Qualcuno di voi responsabile potrebbe sentirsi soffocare a stare in parrocchia, a tenere ogni mese una buona riunione di gruppo, a fare gli esercizi spirituali ogni anno, a dover inventare di tutto per riunire e dare slancio al gruppo.. Giusto: uno spazio in cui guardarci in faccia e tentare di fare passi graduali per crescere è necessario. Una comunità OFS che vi senta suoi figli, vi apprezzi, vi ami, vi tenga il fiato sul collo dovete desiderarla. Papa Francesco non ci fa mancare neanche a questo riguardo il suo pensiero:
“La parrocchia non è una struttura caduca; proprio perché ha una grande plasticità, può assumere forme molto diverse che richiedono la docilità e la creatività missionaria del pastore e della comunità. Sebbene certamente non sia l’unica istituzione evangelizzatrice, se è capace di riformarsi e adattarsi costantemente, continuerà ad essere « la Chiesa stessa che vive in mezzo alle case dei suoi figli e delle sue figlie ». Questo suppone che realmente stia in contatto con le famiglie e con la vita del popolo e non diventi una struttura prolissa separata dalla gente o un gruppo di eletti che guardano a se stessi. La parrocchia è presenza ecclesiale nel territorio, ambito dell’ascolto della Parola, della crescita della vita cristiana, del dialogo, dell’annuncio, della carità generosa, dell’adorazione e della celebrazione. Attraverso tutte le sue attività, la parrocchia incoraggia e forma i suoi membri perché siano agenti dell’evangelizzazione. È comunità di comunità, santuario dove gli assetati vanno a bere per continuare a camminare, e centro di costante invio missionario. Però dobbiamo riconoscere che l’appello alla revisione e al rinnovamento delle parrocchie non ha ancora dato sufficienti frutti perché siano ancora più vicine alla gente, e siano ambiti di comunione viva e di partecipazione, e si orientino completamente verso la missione” (EG 28).

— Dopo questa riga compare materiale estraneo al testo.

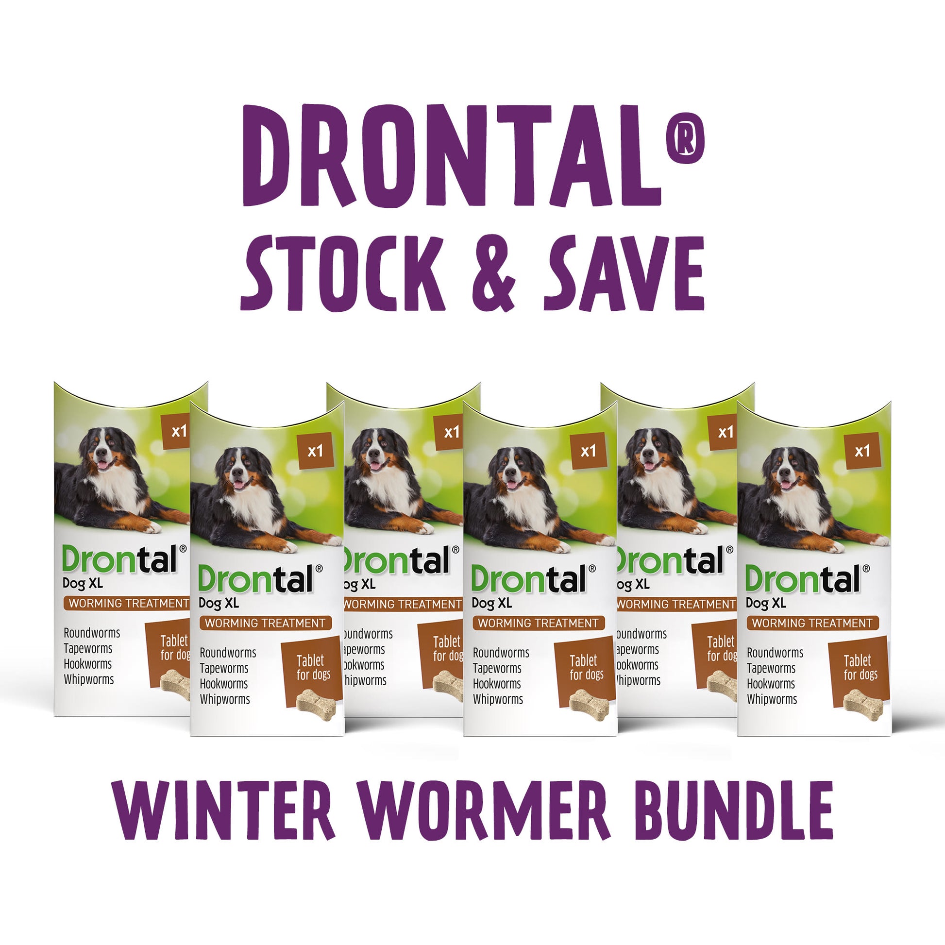 Dogs can pick up worms without you even realising it, as they often show few, if any, noticeable signs of infection and they can steal the valuable nutrients your dog needs to live a happy and healthy life. If left untreated, worms can lead to serious health complications for you and your family. Drontal Dog Tasty Bone XL Tablets are highly-effective and make worming easy. You might not know if your dog has intestinal worms, but you can trust Drontal to help combat them.

“Le altre istituzioni ecclesiali, comunità di base e piccole comunità, movimenti e altre forme di associazione, sono una ricchezza della Chiesa che lo Spirito suscita per evangelizzare tutti gli ambienti e settori. Molte volte apportano un nuovo fervore evangelizzatore e una capacità di dialogo con il mondo che rinnovano la Chiesa. Ma è molto salutare che non perdano il contatto con questa realtà tanto ricca della parrocchia del luogo, e che si integrino con piacere nella pastorale organica della Chiesa particolare. Questa integrazione eviterà che rimangano solo con una parte del Vangelo e della Chiesa, o che si trasformino in nomadi senza radici”(EG 29).

4. Azione
Non c’è assolutamente dubbio che con queste ultime citazioni il papa ci voglia tornare a rinchiudere tra di noi, nella bella vita di gruppo, che non è fatta di serio aiuto vicendevole e scoperta della propria vocazione, ma in cui continuiamo a parlarci addosso, in cui facciamo quadrato contro ogni estraneo che vuole il nostro aiuto, in cui spesso moriamo di parole asfittiche e riduciamo la chiesa a un pollaio. Se c’è un’altra qualità che papa Francesco non solo ci dice, ma che vive sulla sua pelle ogni giorno è proprio la concretezza. L’ OFS con questa mobilitazione dei gruppi, con il questionario, con riunioni a tutti i livelli sta ridisegnando la figura di san Francesco nella contemporaneità, per l’oggi della chiesa e del mondo. La sua storia è sempre stata storia di servizio, di ascolto popolare dei bisogni della gente, attività concreta di «apostolato» allora si diceva; oggi diciamo pure di evangelizzazione, non fatta di astrazioni, di linguaggi esoterici che comprendiamo solo noi, di «sarebbe bello se», di «prima ci prepariamo, poi usciamo», ma di responsabilità da cristiani e attività nel territorio, di responsabilità che ci prendiamo nelle istituzioni, di cura dei poveri, di ascolto del loro grido e del popolo come hanno fatto tanti santi frati e santi laici che ci hanno preceduto.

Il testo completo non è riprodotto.